Your objective => Would you transcribe the listing exactly as it stands, minus any images?
......
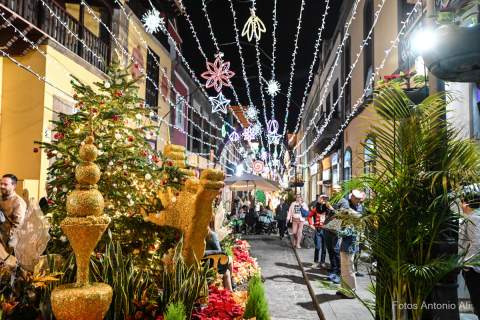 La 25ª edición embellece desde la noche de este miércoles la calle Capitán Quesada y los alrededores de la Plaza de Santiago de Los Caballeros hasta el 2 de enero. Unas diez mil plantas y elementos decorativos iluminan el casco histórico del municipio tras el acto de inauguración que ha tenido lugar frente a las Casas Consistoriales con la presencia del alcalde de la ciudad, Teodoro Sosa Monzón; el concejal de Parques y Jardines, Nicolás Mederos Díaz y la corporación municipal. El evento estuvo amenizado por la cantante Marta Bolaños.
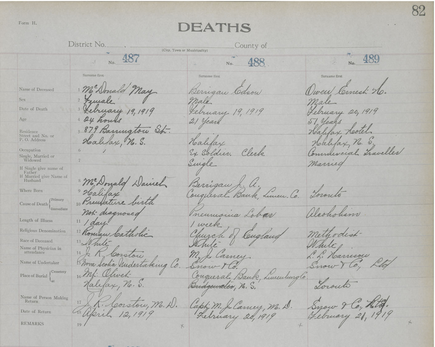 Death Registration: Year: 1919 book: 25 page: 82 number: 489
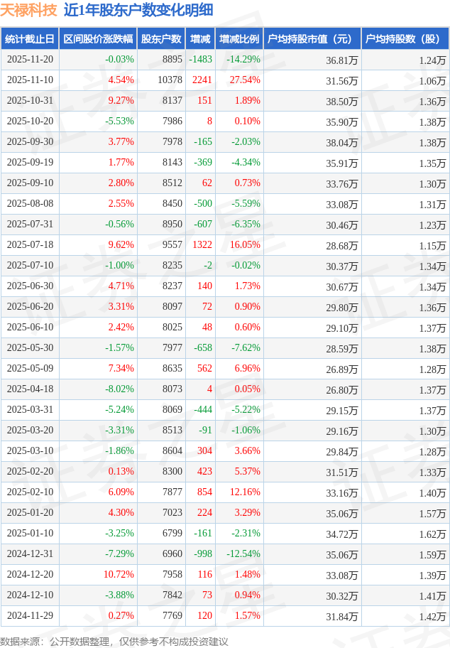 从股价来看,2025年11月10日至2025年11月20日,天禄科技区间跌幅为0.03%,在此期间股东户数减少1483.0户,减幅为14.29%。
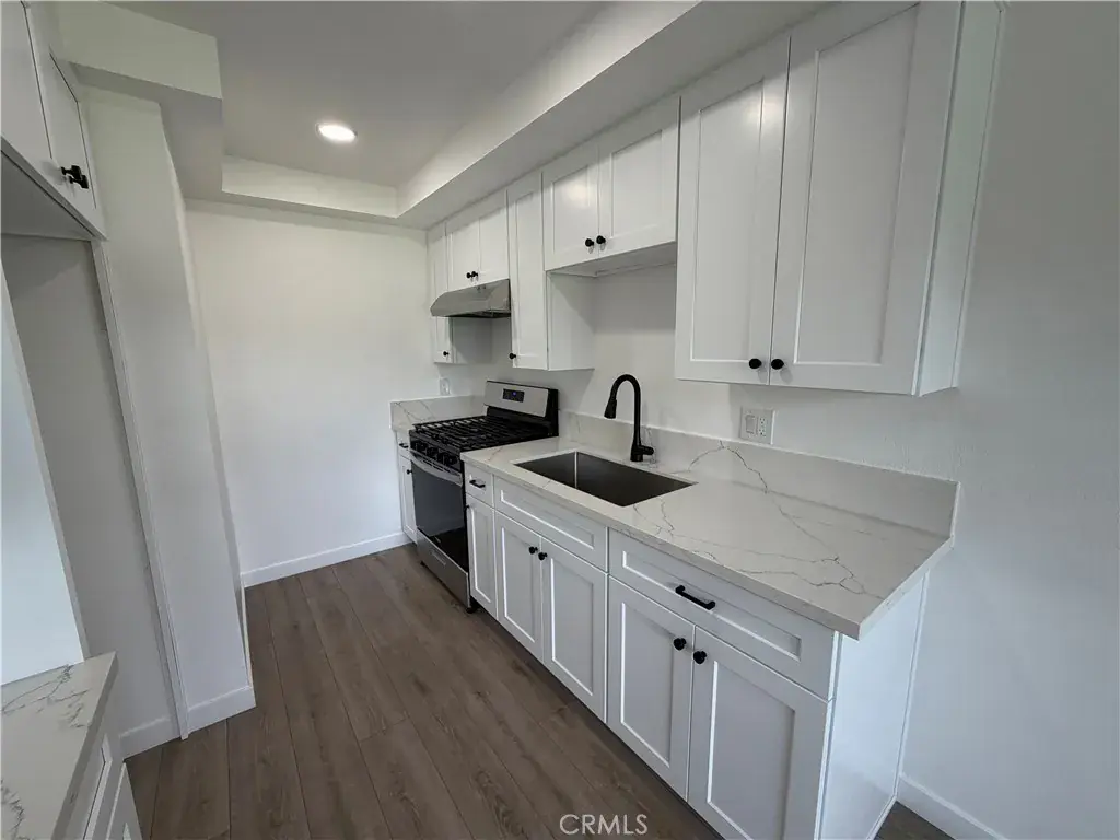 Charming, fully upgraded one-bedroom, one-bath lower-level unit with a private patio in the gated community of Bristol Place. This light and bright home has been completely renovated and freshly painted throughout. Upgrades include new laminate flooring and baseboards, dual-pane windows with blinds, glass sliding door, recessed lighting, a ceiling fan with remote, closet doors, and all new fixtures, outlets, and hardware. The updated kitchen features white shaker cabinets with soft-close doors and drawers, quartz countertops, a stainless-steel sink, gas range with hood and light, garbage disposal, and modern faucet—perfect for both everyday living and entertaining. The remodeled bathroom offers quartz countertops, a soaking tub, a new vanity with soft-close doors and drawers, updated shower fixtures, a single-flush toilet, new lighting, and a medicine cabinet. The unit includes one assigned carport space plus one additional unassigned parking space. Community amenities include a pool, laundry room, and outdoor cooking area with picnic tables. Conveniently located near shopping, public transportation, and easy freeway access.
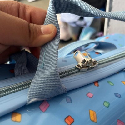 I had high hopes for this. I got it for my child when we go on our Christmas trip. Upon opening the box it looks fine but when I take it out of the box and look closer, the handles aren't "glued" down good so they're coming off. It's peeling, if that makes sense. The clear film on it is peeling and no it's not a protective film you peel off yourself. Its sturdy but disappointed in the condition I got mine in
......
Result below =>
 La 25ª edición embellece desde la noche de este miércoles la calle Capitán Quesada y los alrededores de la Plaza de Santiago de Los Caballeros hasta el 2 de enero. Unas diez mil plantas y elementos decorativos iluminan el casco histórico del municipio tras el acto de inauguración que ha tenido lugar frente a las Casas Consistoriales con la presencia del alcalde de la ciudad, Teodoro Sosa Monzón; el concejal de Parques y Jardines, Nicolás Mederos Díaz y la corporación municipal. El evento estuvo amenizado por la cantante Marta Bolaños.
 Death Registration: Year: 1919 book: 25 page: 82 number: 489
 从股价来看,2025年11月10日至2025年11月20日,天禄科技区间跌幅为0.03%,在此期间股东户数减少1483.0户,减幅为14.29%。
 Charming, fully upgraded one-bedroom, one-bath lower-level unit with a private patio in the gated community of Bristol Place. This light and bright home has been completely renovated and freshly painted throughout. Upgrades include new laminate flooring and baseboards, dual-pane windows with blinds, glass sliding door, recessed lighting, a ceiling fan with remote, closet doors, and all new fixtures, outlets, and hardware. The updated kitchen features white shaker cabinets with soft-close doors and drawers, quartz countertops, a stainless-steel sink, gas range with hood and light, garbage disposal, and modern faucet—perfect for both everyday living and entertaining. The remodeled bathroom offers quartz countertops, a soaking tub, a new vanity with soft-close doors and drawers, updated shower fixtures, a single-flush toilet, new lighting, and a medicine cabinet. The unit includes one assigned carport space plus one additional unassigned parking space. Community amenities include a pool, laundry room, and outdoor cooking area with picnic tables. Conveniently located near shopping, public transportation, and easy freeway access.
 I had high hopes for this. I got it for my child when we go on our Christmas trip. Upon opening the box it looks fine but when I take it out of the box and look closer, the handles aren't "glued" down good so they're coming off. It's peeling, if that makes sense. The clear film on it is peeling and no it's not a protective film you peel off yourself. Its sturdy but disappointed in the condition I got mine in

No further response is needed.